By default, the Linear Mixed Models fitted with breedR assume homoscedasticity. Meaning that given all the fixed and random effects, the unexplained variation follow a Normal distribution with residual variance σ2.

Mathematically, that $\varepsilon \sim \mathcal N (0, \mathbf I \sigma^2)$ in the model equation y = X**β + Z**u + ε

Sometimes this is obviously wrong, and we need models where some observations are observed with more or less residual variability than others

Here are a few common situations where heterogeneous variances are needed:

  • The observations are actually derived or calculated from real measurements, such as an average. Thus, the variance depends on the number of averaged measurements (e.g. Daughter Yield Deviation measures).

  • The observations are spread in time, and you want to model the residual variance as a function of time (e.g. longitudinal models).

Using weights

If the relative variation in the residual variances is know or can be estimated, it can be specified as a vector of weights w, such that $$\varepsilon \sim \mathcal N (0, (w^{-1/2})'\mathbf I w^{-1/2} \sigma^2).$$ In other words, the residual variance for the observation i is σ2/wi.

Here is a simulation example of how to specify weights.

set.seed(123)

n <- 1e3   # n obs
sigma2 <- 4  # true residual variance (for a weight of 1)
w = runif(n, min = .5, max = 2)  # vector of weights

dat <- 
  transform(
    data.frame(
      e = rnorm(n, sd = sqrt(sigma2))
    ),
    y = 10 + e/sqrt(w)  # simulated phenotype
  )
res <- remlf90(
  y ~ 1,
  data = dat,
  weights = w  # specification of weights
)
## Using default initial variances given by default_initial_variance()
## See ?breedR.getOption.

Note that the estimated residual variance is close to the true value. On the other hand, the residual prediction-error are expected to have non-constant variance.

summary(res)
## Formula: y ~ 0 + Intercept 
##    Data: dat 
##   AIC  BIC logLik
##  4080 4085  -2039
## 
## 
## Variance components:
##          Estimated variances   S.E.
## Residual               4.012 0.1618
## 
## Fixed effects:
##            value   s.e.
## Intercept 10.016 0.0567
ggplot(transform(dat, est_e = residuals(res)), aes(e, est_e)) +
  geom_point() +
  geom_abline(intercept = 0, slope = 1, color = "darkgray")

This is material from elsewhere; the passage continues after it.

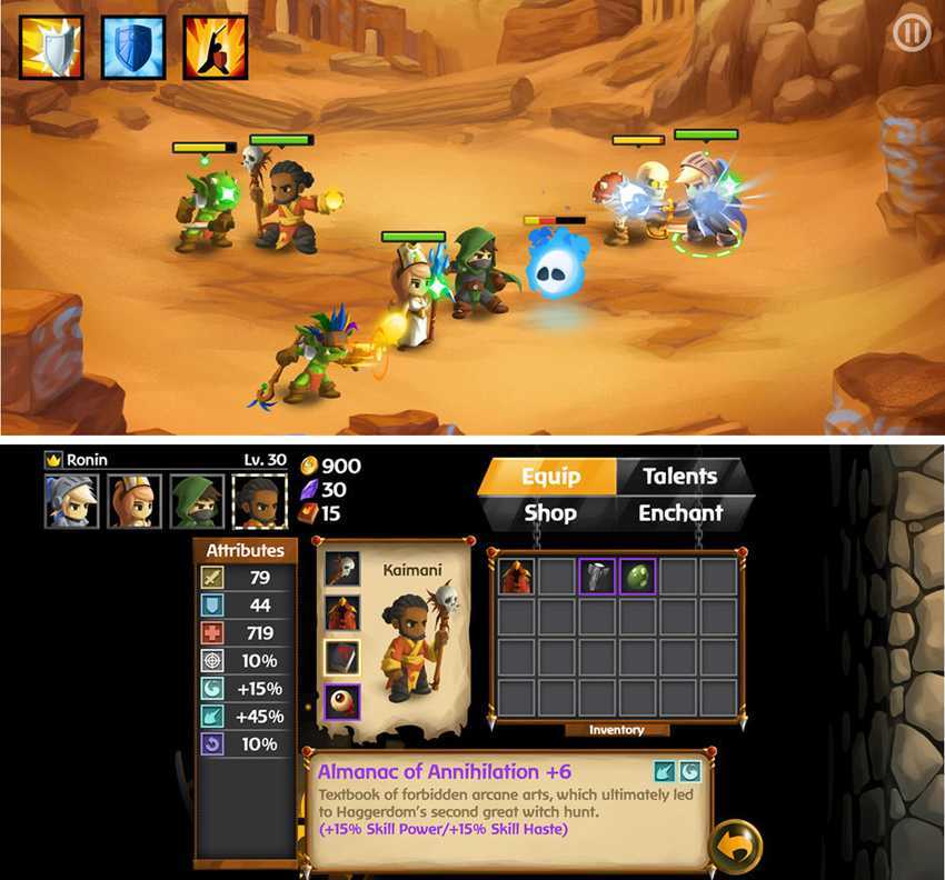 Чтобы не было скучно, в перерывах между сражениями вы будете корректировать состав команды и улучшать каждого из ее членов.

Estimating residual variance heterogeneity

This is currently not available in breedR.

Different group-wise residual variances (e.g. multi-site) can be easily induced by using group-specific random effects.

For the general case, here are some notes to allow for some manual hacking if needed.

In general, we need to estimate a residual variance parameter as a function of some other variable x. We then write the residual variance as a linear combination of a few base functions: $$\sigma^2(x) = \sum_{k=0}^K \psi_k(x)\, r_k = \mathbf{\Psi r},$$ where the parameters rk are to be estimated.

This covers the case both for group-wise residual variances (such as multi-site, using a categorical variable x) or a continuously varying residual variance.

For the first case, the variable x is categorical, taking a finite number of values K, and we define ψk as the corresponding indicator functions.

For the continuous case, the variable x is continuous (e.g. age, temperature) and the base functions can be Legendre polynomials, splines, etc. up to some arbitrary order K.

We need to manually build the matrix $\mathbf\Psi$, and exploit the PROGSF90 options hetres_pos and hetres_pol available in AI-REML (see documentation).